[Start of Attachment]

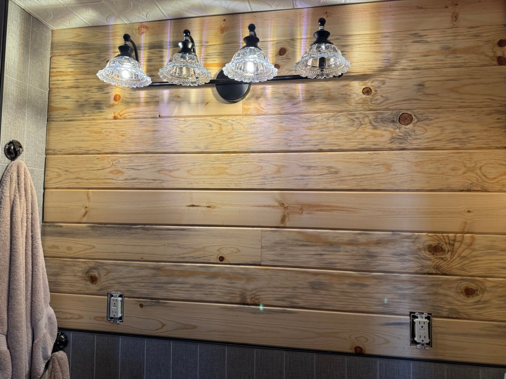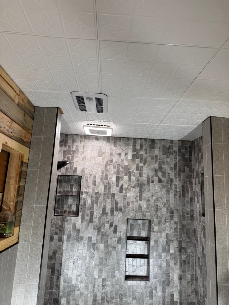 Once I had the ceiling panels in I installed the bathroom light. Of course, when looking at the light I did not check to see what kind of lightbulb it actually uses. It turns out to be some LED with a G9 base. I was only able to find two of them in Pendleton so I ended up ordering more on the internet. It is a little dark in the bathroom, I may end up having to order a brighter light bulb. It may take some trial and error to get the amount of light tuned in. I do really like the light design and the cut glass makes some interesting patterns on the metal ceiling tiles.
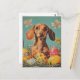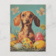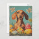 Celebrate Easter with the charming Dachshund in this vintage-style postcard. Featuring the adorable dog surrounded by colorful Easter eggs, blooming spring flowers, and festive seasonal accents, this design is perfect for Dachshund lovers, collectors, and fans of nostalgic holiday art. A delightful keepsake to bring Easter cheer.
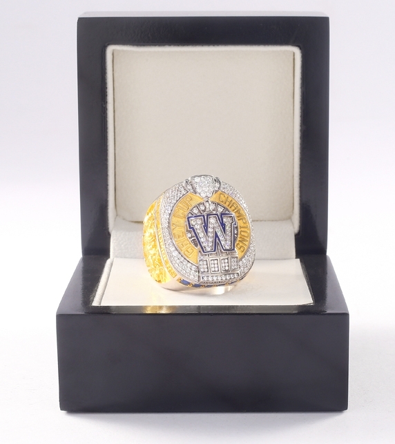 The face of the dazzling keepsakes features the club’s iconic “W” logo outlined in blue enamel sitting atop the diamond-studded Grey Cup and surrounded by a contrasting halo with raised lettering spelling out the phrase “Grey Cup Champions.”
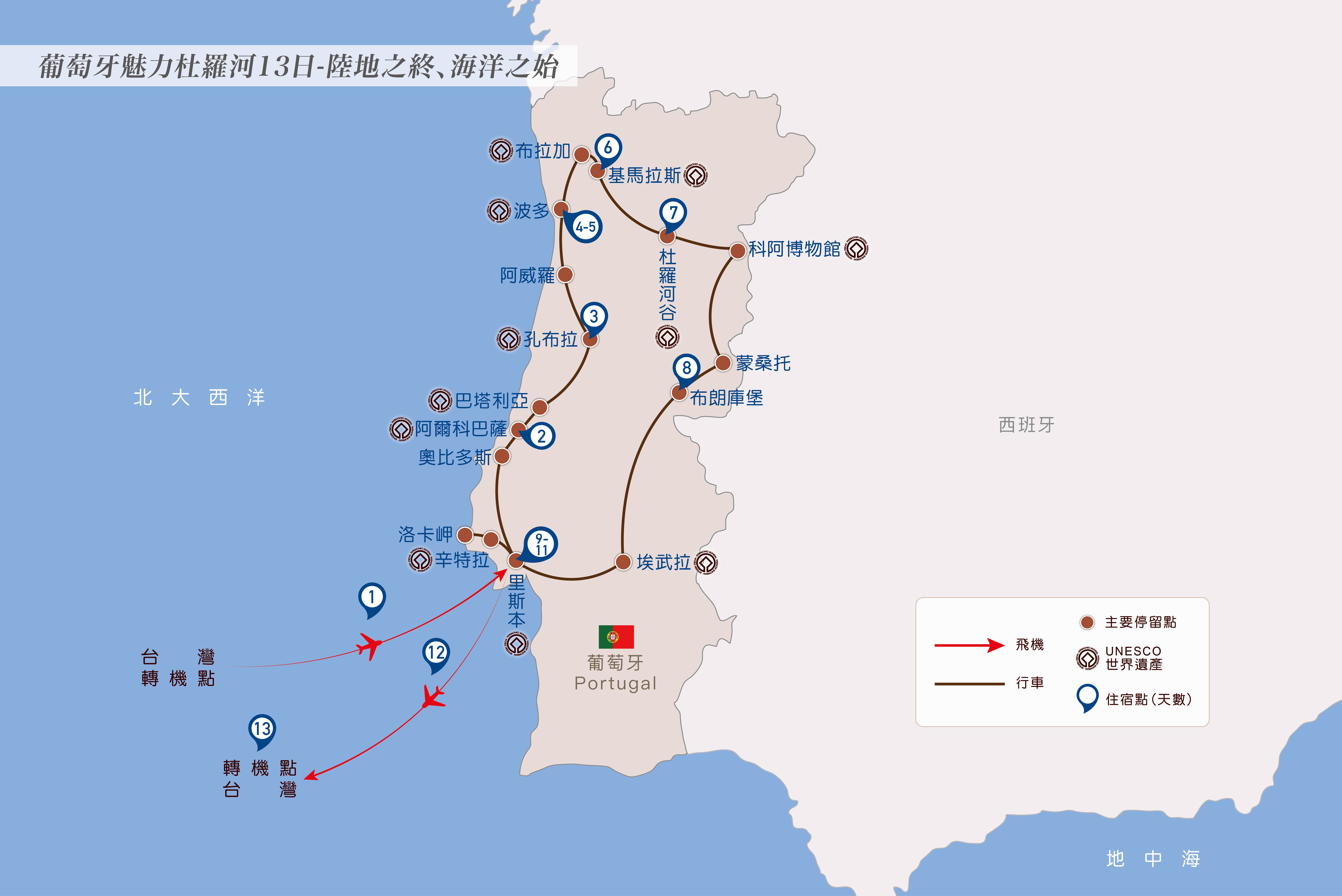 今日桃園機場集合,搭乘土耳其航空經伊斯坦堡飛往里斯本。隔日上午抵達,展開精彩【葡萄牙魅力杜羅河13日】。
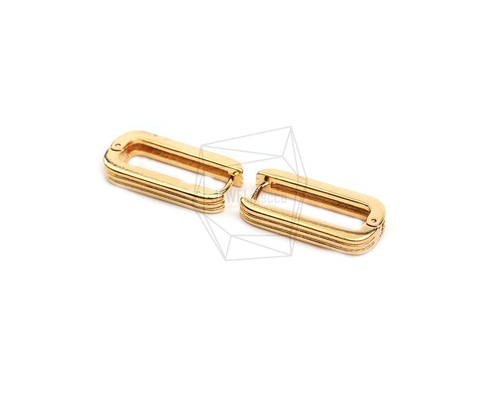 ERG-2433-G/2PCS/Rectangle One touch Post Earring/9.7mm X 20mm/Gold Plated Over Brass
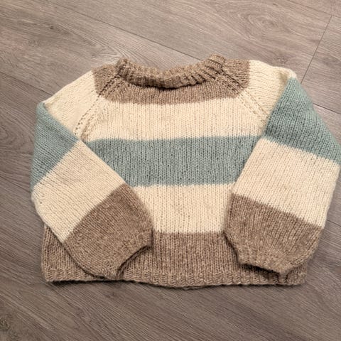 Helt ubrukt, hjemmestrikket genser, pris på garnet 600,-
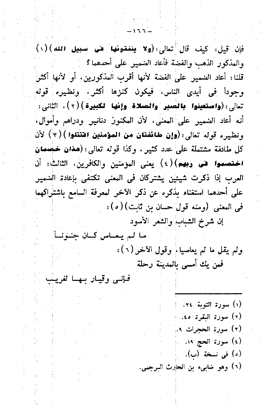 قلنا: أعاد الضمير على الفضة لأنها أقرب المذكورين، أو لأنها أكثر وجودا في أيدى الناس، فيكون كنزها أكثر، ونظيره قوله تعالى: (وَاسْتَعِينُوا بِالصَّبْرِ وَالصَّلَاةِ وَإِنَّهَا لَكَبِيرَةٌ) .
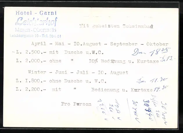AK Meran - Obermais, Hotel-Garni Leichterhof in vier Ansichten

[End of Attachment]

» EXERCISE PROMPT
Take the line that contains "今日桃園機場集合,搭乘土耳其" and every line after it down to the last line of the entries above, and output them exactly, with nothing else and no pictures.

» RESULT FOR THIS TASK
 今日桃園機場集合,搭乘土耳其航空經伊斯坦堡飛往里斯本。隔日上午抵達,展開精彩【葡萄牙魅力杜羅河13日】。
 ERG-2433-G/2PCS/Rectangle One touch Post Earring/9.7mm X 20mm/Gold Plated Over Brass
 Helt ubrukt, hjemmestrikket genser, pris på garnet 600,-
 قلنا: أعاد الضمير على الفضة لأنها أقرب المذكورين، أو لأنها أكثر وجودا في أيدى الناس، فيكون كنزها أكثر، ونظيره قوله تعالى: (وَاسْتَعِينُوا بِالصَّبْرِ وَالصَّلَاةِ وَإِنَّهَا لَكَبِيرَةٌ) .
AK Meran - Obermais, Hotel-Garni Leichterhof in vier Ansichten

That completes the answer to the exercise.